Supported Ir–Pd nanoalloys: Size–composition correlation and consequences on tetralin hydroconversion properties

Abstract

A series of Ir–Pd/SiO2–Al2O3 catalysts has been prepared by incipient wetness co-impregnation of acetylacetonate precursors and treated by reductive thermal decomposition. The decomposition has been followed by combined thermogravimetry, differential thermal analysis, and mass spectrometry, showing a marked difference between the bimetallic and monometallic cases. The catalysts characterization by transmission electron microscopy and single-nanoparticle energy dispersive X-ray spectroscopy reveals that the particles are bimetallic and exhibit a size–composition correlation.
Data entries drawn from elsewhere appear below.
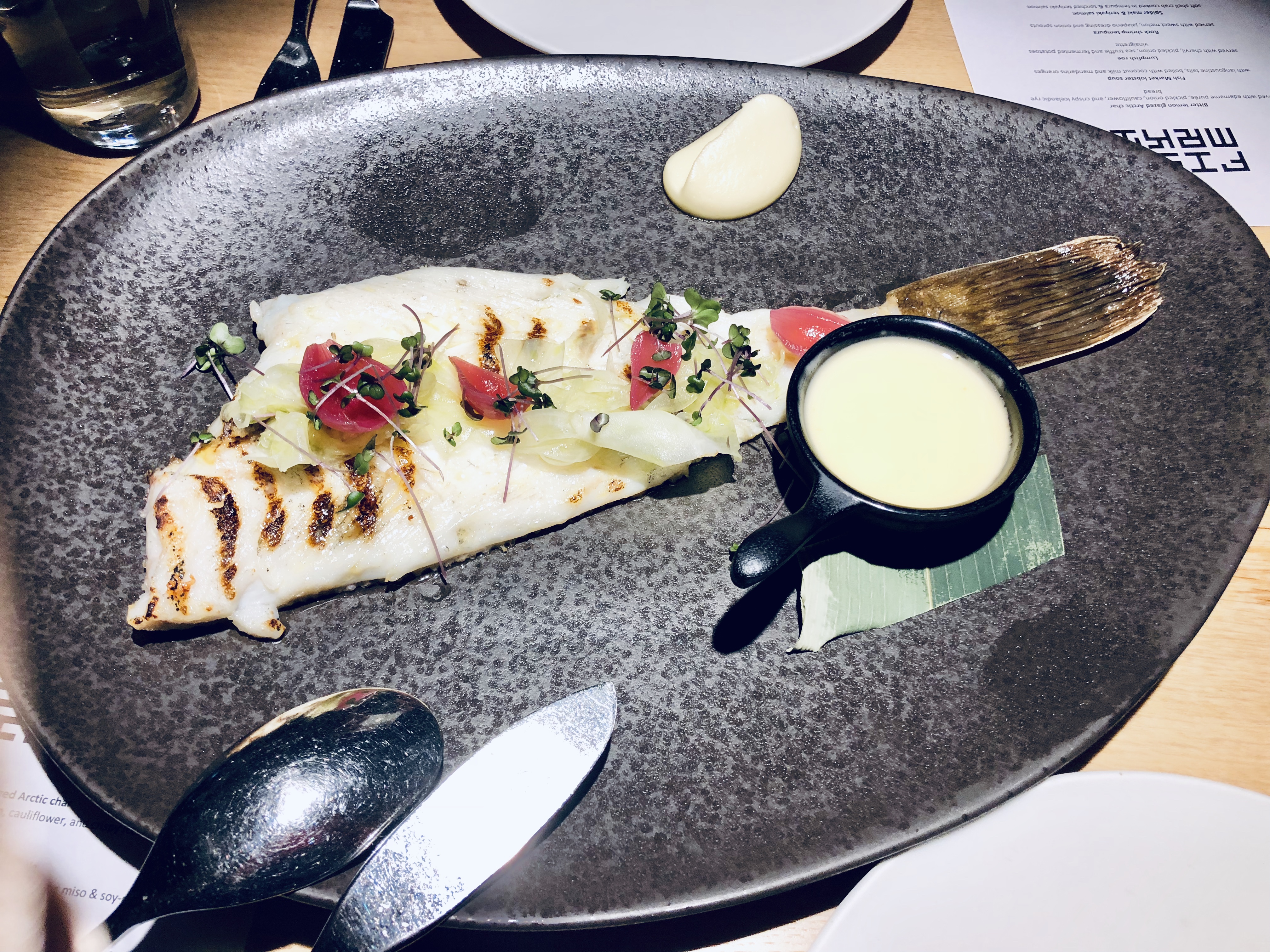 Nous nous sommes donc fais plaisir dans un restaurant gastronomique de la capitale « Fiskmarkadurinn ». Il s’agit d’une dégustation de 9 plats :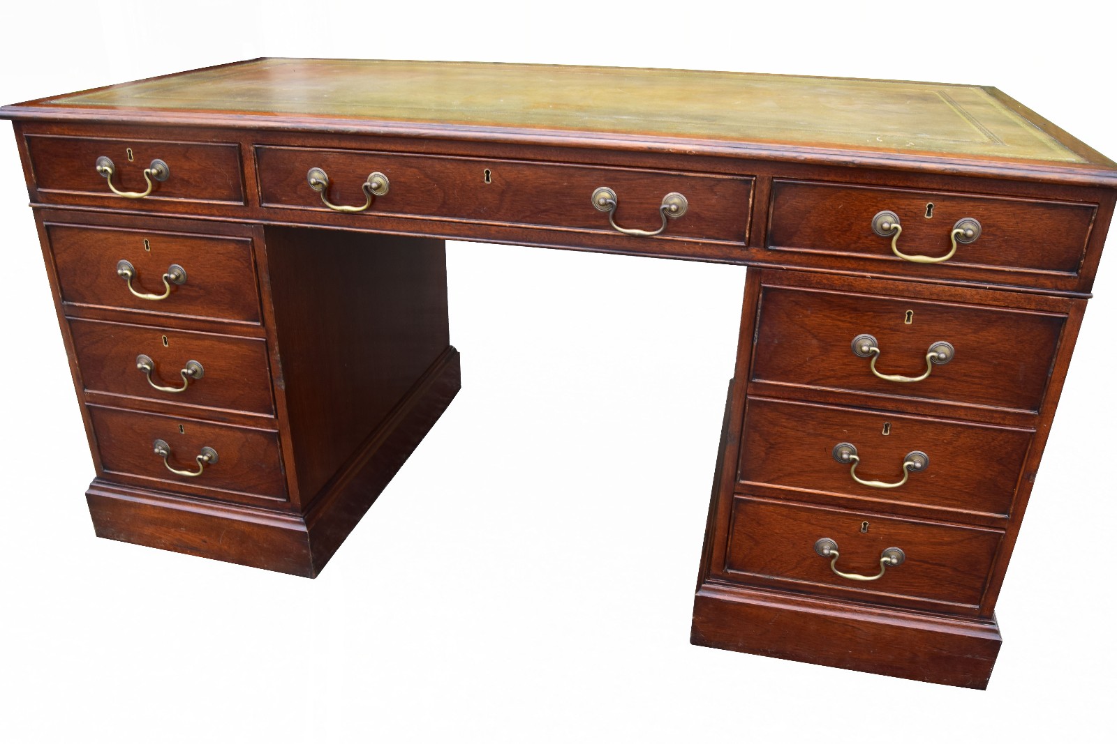 Pedestal Mahogany Partners Desk Hide Leather 5ft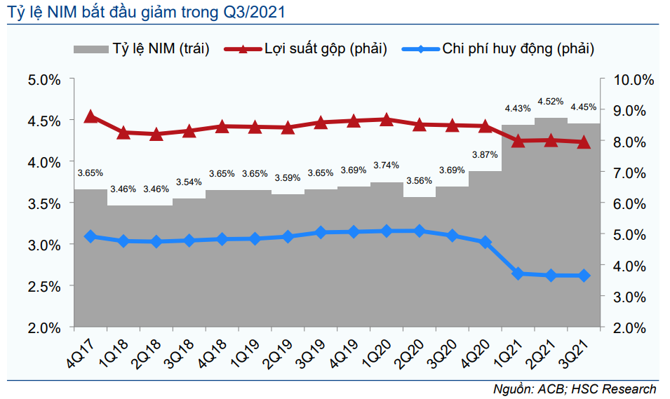 Trong Q3/2021, thu nhập lãi của ACB đã giảm 203 tỷ đồng vì Ngân hàng hỗ trợ khách hàng chịu ảnh hưởng của dịch Covid-19; tương đương với mức giảm lãi suất là khoảng 0,3%/năm.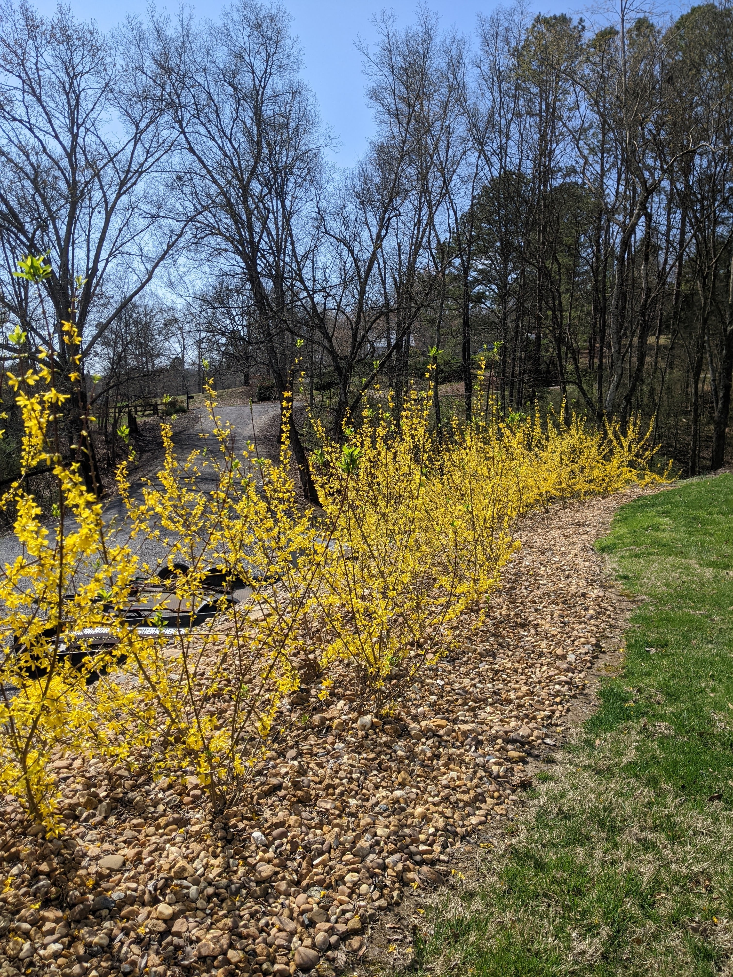 We planted them in two batches. We planted the first 35 bushes in spring of 2021 and then we planted another 65 in October of 2021. The dirt in this particular part of our yard is pretty terrible and rocky, but despite the difficult growing conditions, the forsythia have done really fantastic.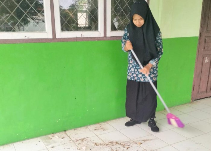 Para guru piket juga memberikan arahan dan tips sederhana agar kegiatan bersih-bersih berjalan efektif. Tidak hanya itu, mereka juga memberi motivasi agar siswa terus menjaga kebersihan setiap hari, bukan hanya saat ada kegiatan resmi.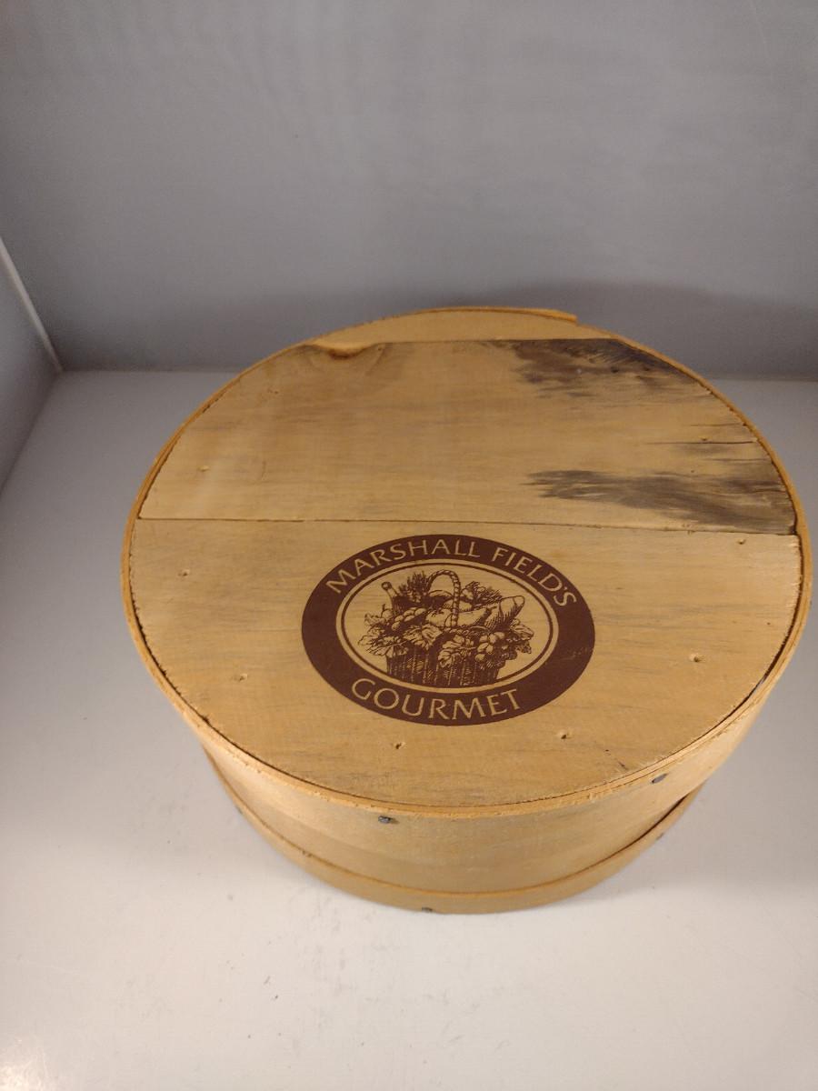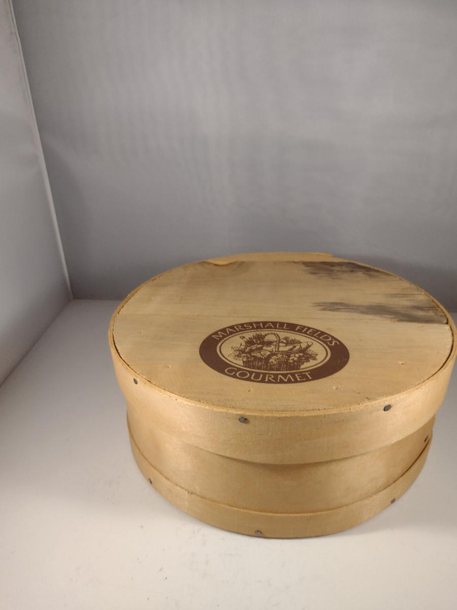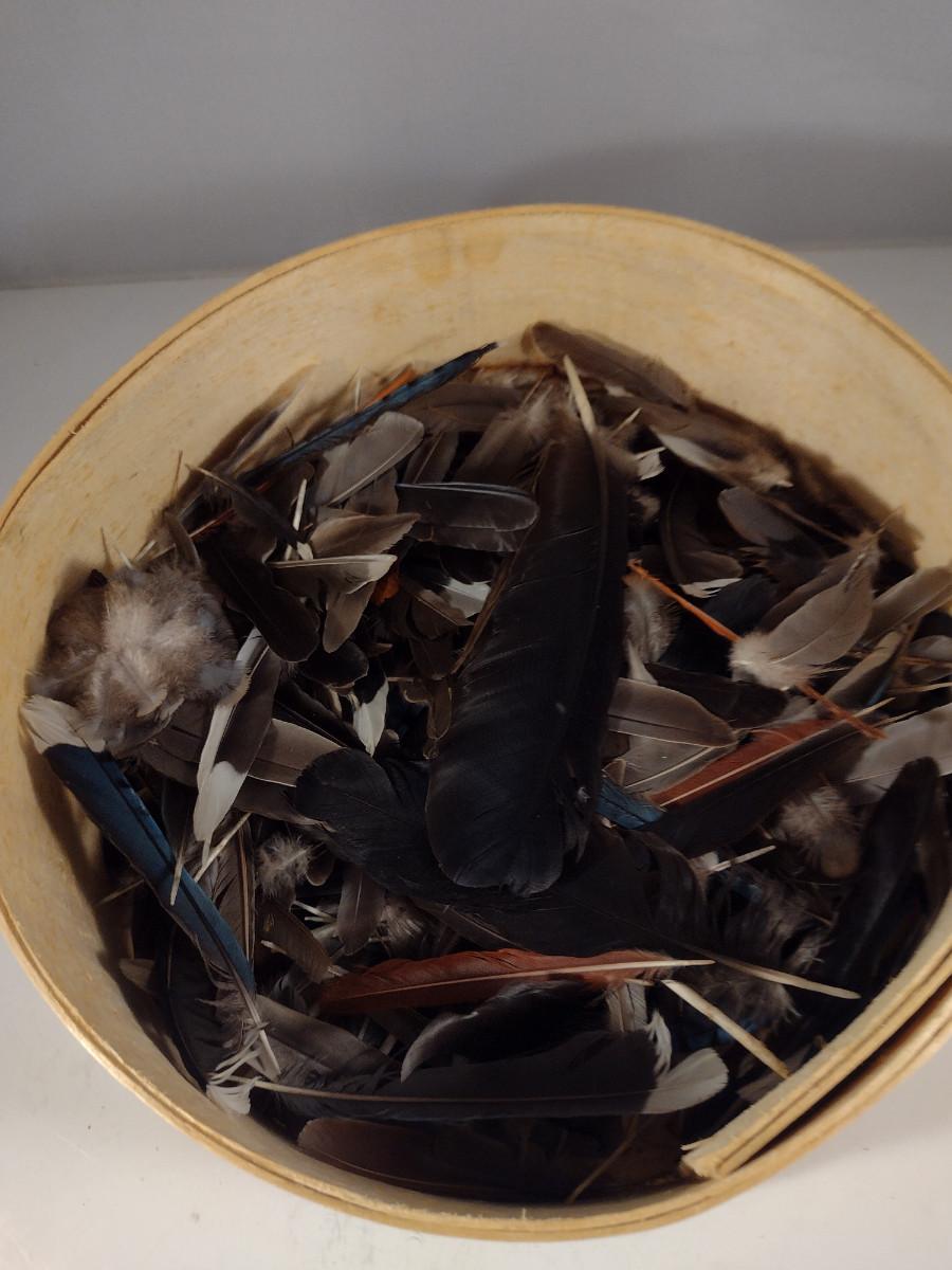 Marshall Fields Wooden Cheese Box Filled with Bird's Feathers

More generally, the enrichment of larger particles with the less cohesive element (Pd in the present case) via Ostwald ripening is here claimed to be inherent to the thermal activation treatments used in the preparation of bimetallic catalysts. The catalysts have been tested in the hydroconversion of tetralin, which is considered as a model molecule for gas oil upgrading by selective ring opening. At 350°C, 4MPa H2, and in the presence of ppm amounts of H2S, hydrogenation, dehydrogenation, and ring-opening/contraction products (ROCPs) are formed. While the activity increases with the Pd content, the selectivity to ROCPs reaches a maximum for the Ir55–Pd45 composition and increases with the sulfur concentration. The structural and catalytic results are combined to propose a qualitative model relying on metal–acid bifunctionality and size–composition correlation. While the particle size drives the number of surface sites, the corresponding surface composition governs the hydrogenation efficiency of these sites. Therefore, by controlling the mean metal composition of the catalyst, it is possible to tune the activity–selectivity balance.